____ STUDY MATERIAL
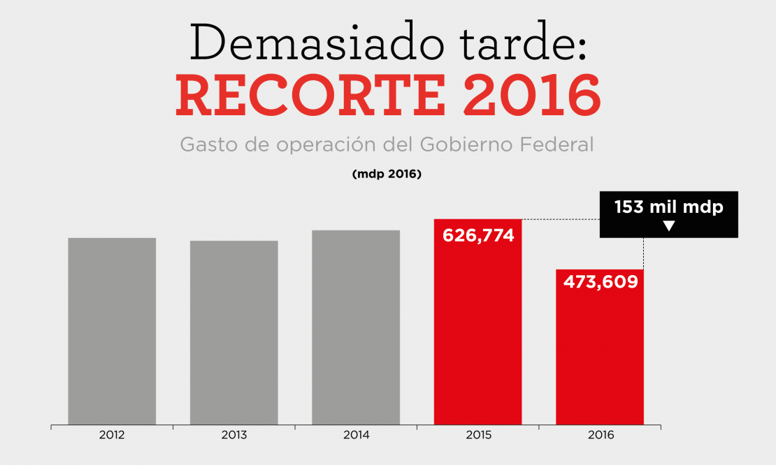 Al analizar las cuentas, se observa que se dio un recorte de 153 mil millones de pesos en el gasto operativo[2] del gobierno, lo que representó una disminución de 24 por ciento en términos reales respecto de lo gastado en este rubro en 2015.
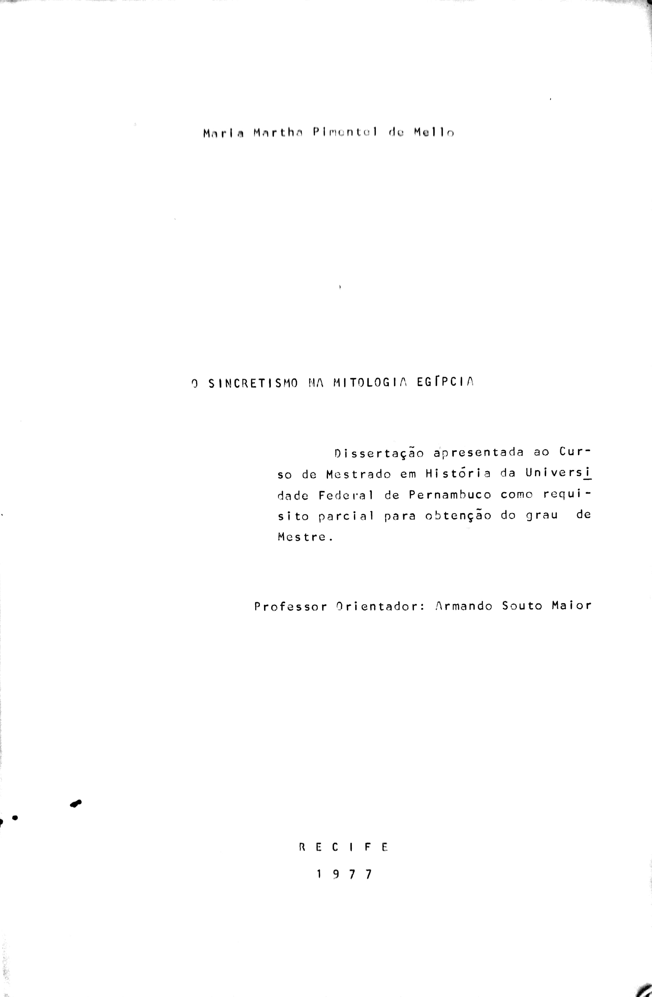 Maria Martha Pimentel de Mello (Orientador: Armando Souto Maior)
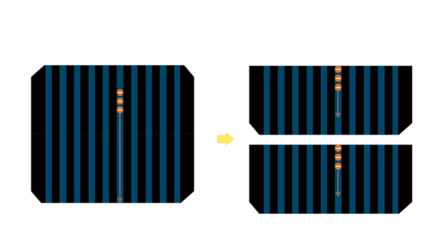 - 结合半切电池,,,,降低遮阴影响、、提升模组抗隐裂能力、、并减少电阻损耗,,,进一步提升模组发电效能。。。
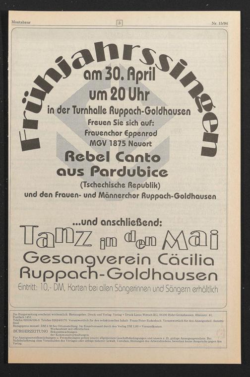 Die Bürgerzeitung erscheint wöchentlich. Herausgeber, Druck und Verlag: Verlag + Druck Linus Wittich KG, 56195 Höhr-Grenzhausen, Rheinstr. 41, Postfach 1451,
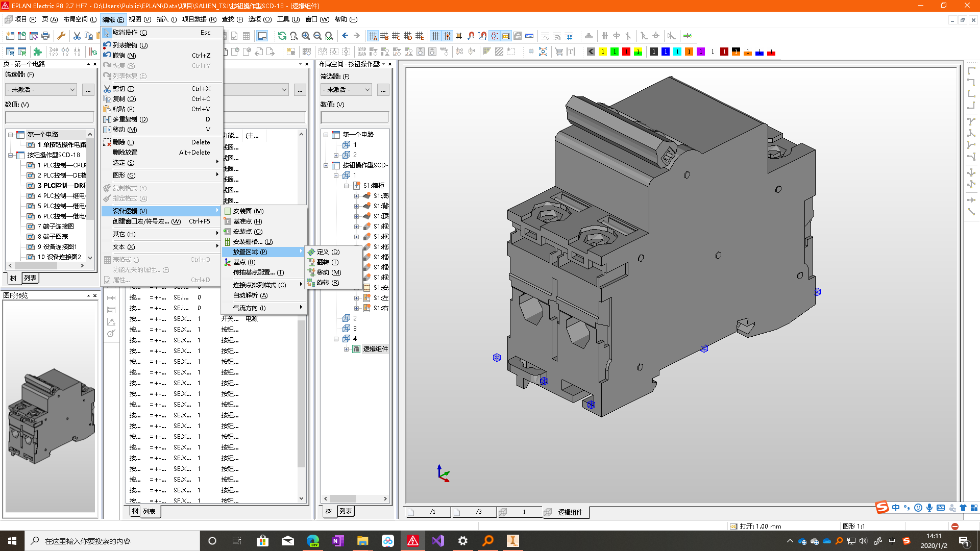 6、从编辑菜单下选择设备逻辑依次将安装区域,安装面,安装基准点、安装点一一设置。
________
## ACTION ITEM
Could you reproduce the records above exactly, leaving out the pictures?

## TASK SOLUTION
 Al analizar las cuentas, se observa que se dio un recorte de 153 mil millones de pesos en el gasto operativo[2] del gobierno, lo que representó una disminución de 24 por ciento en términos reales respecto de lo gastado en este rubro en 2015.
 Maria Martha Pimentel de Mello (Orientador: Armando Souto Maior)
 - 结合半切电池,,,,降低遮阴影响、、提升模组抗隐裂能力、、并减少电阻损耗,,,进一步提升模组发电效能。。。
 Die Bürgerzeitung erscheint wöchentlich. Herausgeber, Druck und Verlag: Verlag + Druck Linus Wittich KG, 56195 Höhr-Grenzhausen, Rheinstr. 41, Postfach 1451,
 6、从编辑菜单下选择设备逻辑依次将安装区域,安装面,安装基准点、安装点一一设置。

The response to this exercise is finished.